- _TASK REQUIREMENTS_
Repeat each line of the material below exactly as it appears, minus any pictures.

- _COLLECTED MATERIAL_

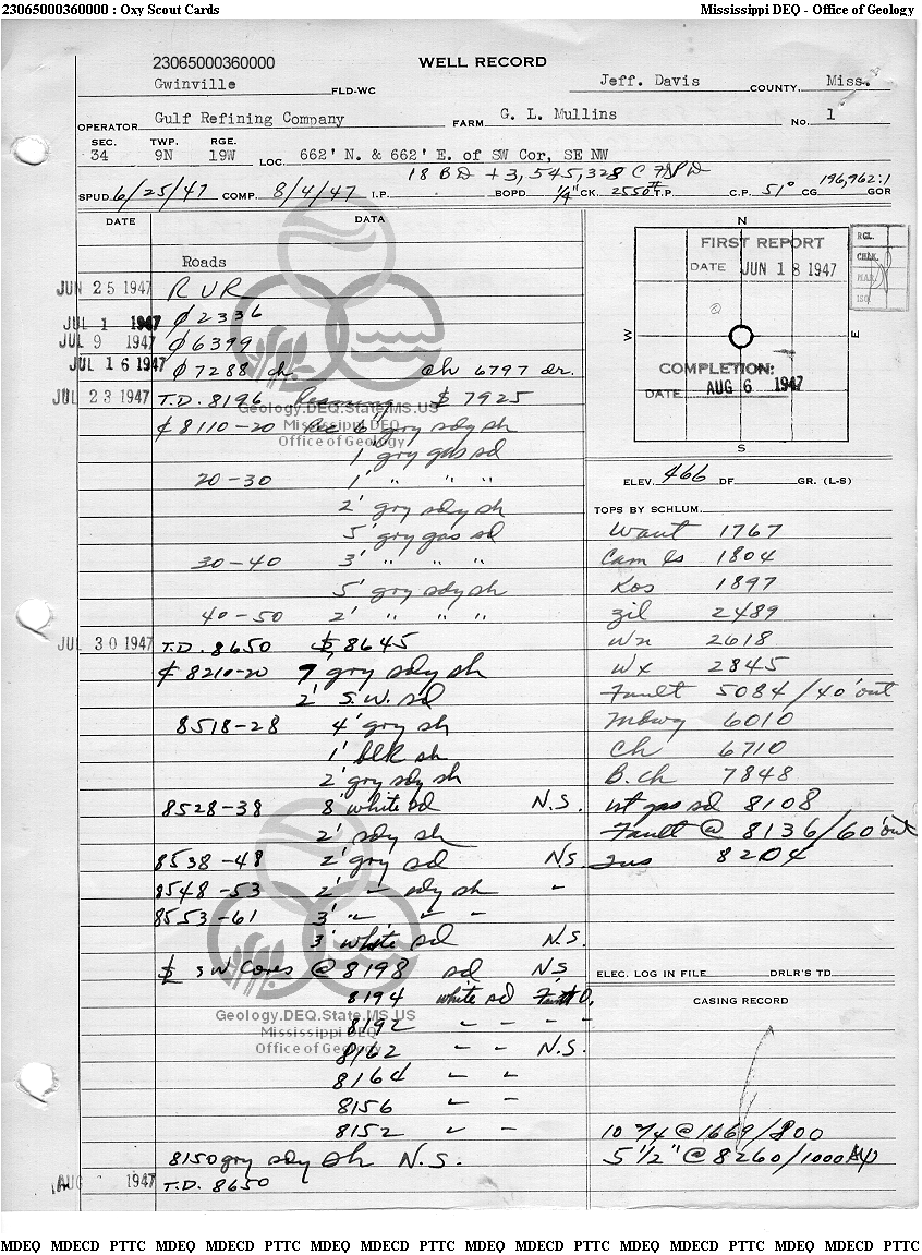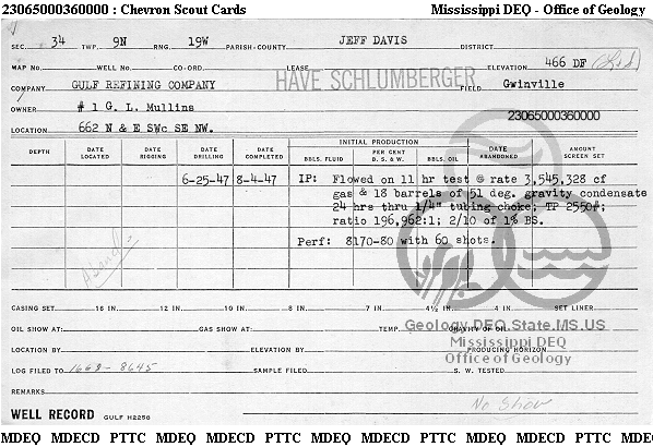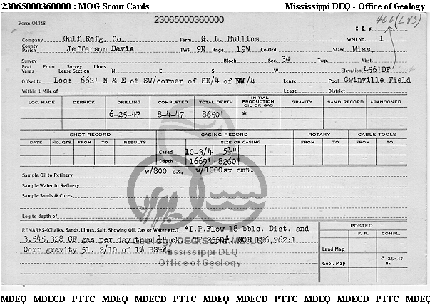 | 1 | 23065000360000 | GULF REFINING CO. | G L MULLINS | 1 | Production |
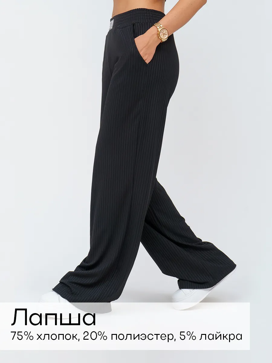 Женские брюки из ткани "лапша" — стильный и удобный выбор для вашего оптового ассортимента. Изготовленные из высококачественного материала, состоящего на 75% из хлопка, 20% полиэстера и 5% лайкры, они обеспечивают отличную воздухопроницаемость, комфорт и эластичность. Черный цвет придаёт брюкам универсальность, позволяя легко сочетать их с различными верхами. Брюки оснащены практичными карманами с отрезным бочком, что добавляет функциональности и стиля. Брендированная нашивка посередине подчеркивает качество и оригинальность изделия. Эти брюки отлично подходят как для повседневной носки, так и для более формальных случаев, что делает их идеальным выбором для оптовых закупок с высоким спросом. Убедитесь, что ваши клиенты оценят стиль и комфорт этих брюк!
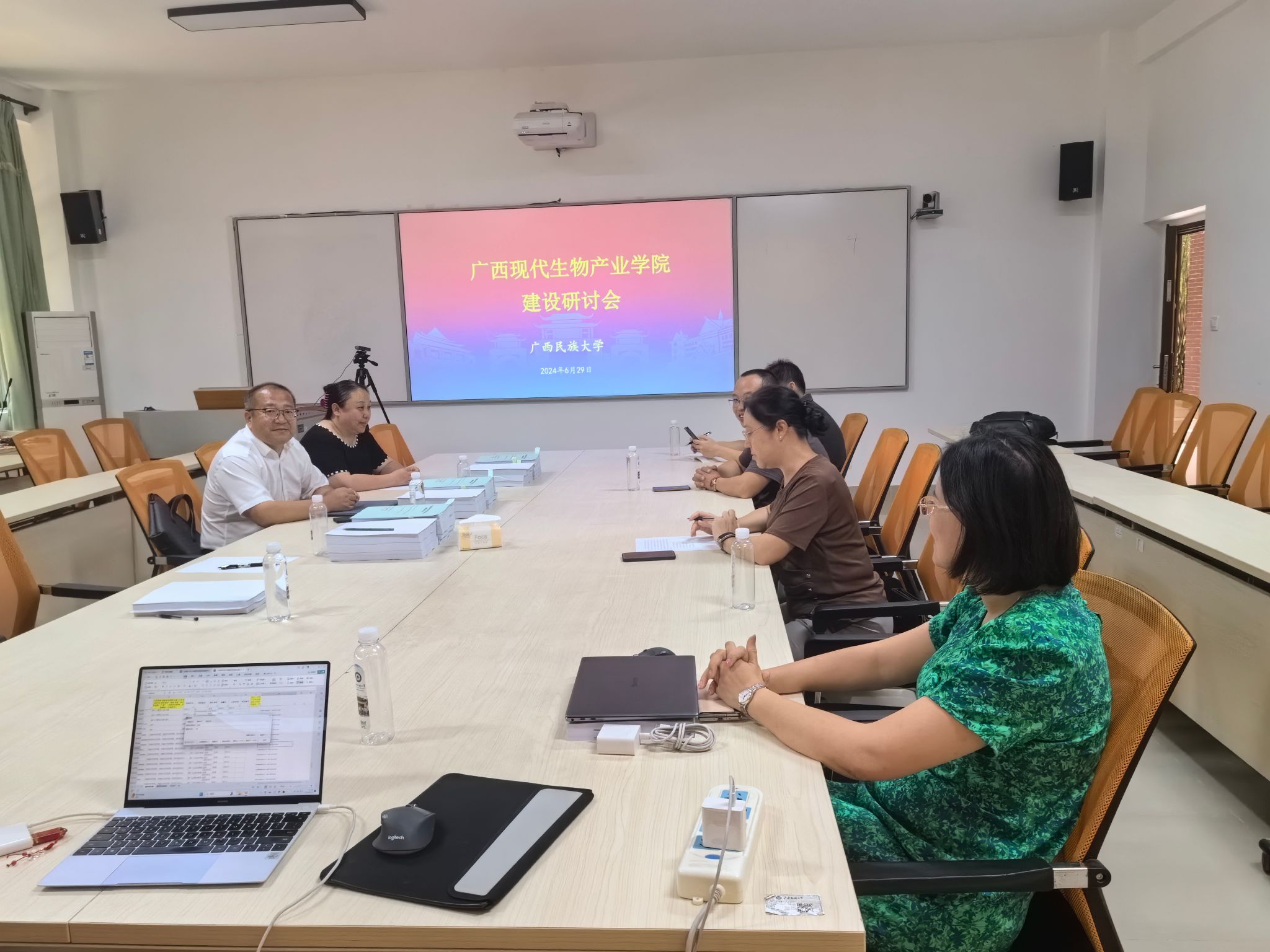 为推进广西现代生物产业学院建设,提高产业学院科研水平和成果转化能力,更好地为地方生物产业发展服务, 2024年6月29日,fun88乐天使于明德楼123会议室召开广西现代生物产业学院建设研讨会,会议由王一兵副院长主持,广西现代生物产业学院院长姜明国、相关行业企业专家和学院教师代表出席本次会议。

- _TASK SOLUTION_
 | 1 | 23065000360000 | GULF REFINING CO. | G L MULLINS | 1 | Production |
 Женские брюки из ткани "лапша" — стильный и удобный выбор для вашего оптового ассортимента. Изготовленные из высококачественного материала, состоящего на 75% из хлопка, 20% полиэстера и 5% лайкры, они обеспечивают отличную воздухопроницаемость, комфорт и эластичность. Черный цвет придаёт брюкам универсальность, позволяя легко сочетать их с различными верхами. Брюки оснащены практичными карманами с отрезным бочком, что добавляет функциональности и стиля. Брендированная нашивка посередине подчеркивает качество и оригинальность изделия. Эти брюки отлично подходят как для повседневной носки, так и для более формальных случаев, что делает их идеальным выбором для оптовых закупок с высоким спросом. Убедитесь, что ваши клиенты оценят стиль и комфорт этих брюк!
 为推进广西现代生物产业学院建设,提高产业学院科研水平和成果转化能力,更好地为地方生物产业发展服务, 2024年6月29日,fun88乐天使于明德楼123会议室召开广西现代生物产业学院建设研讨会,会议由王一兵副院长主持,广西现代生物产业学院院长姜明国、相关行业企业专家和学院教师代表出席本次会议。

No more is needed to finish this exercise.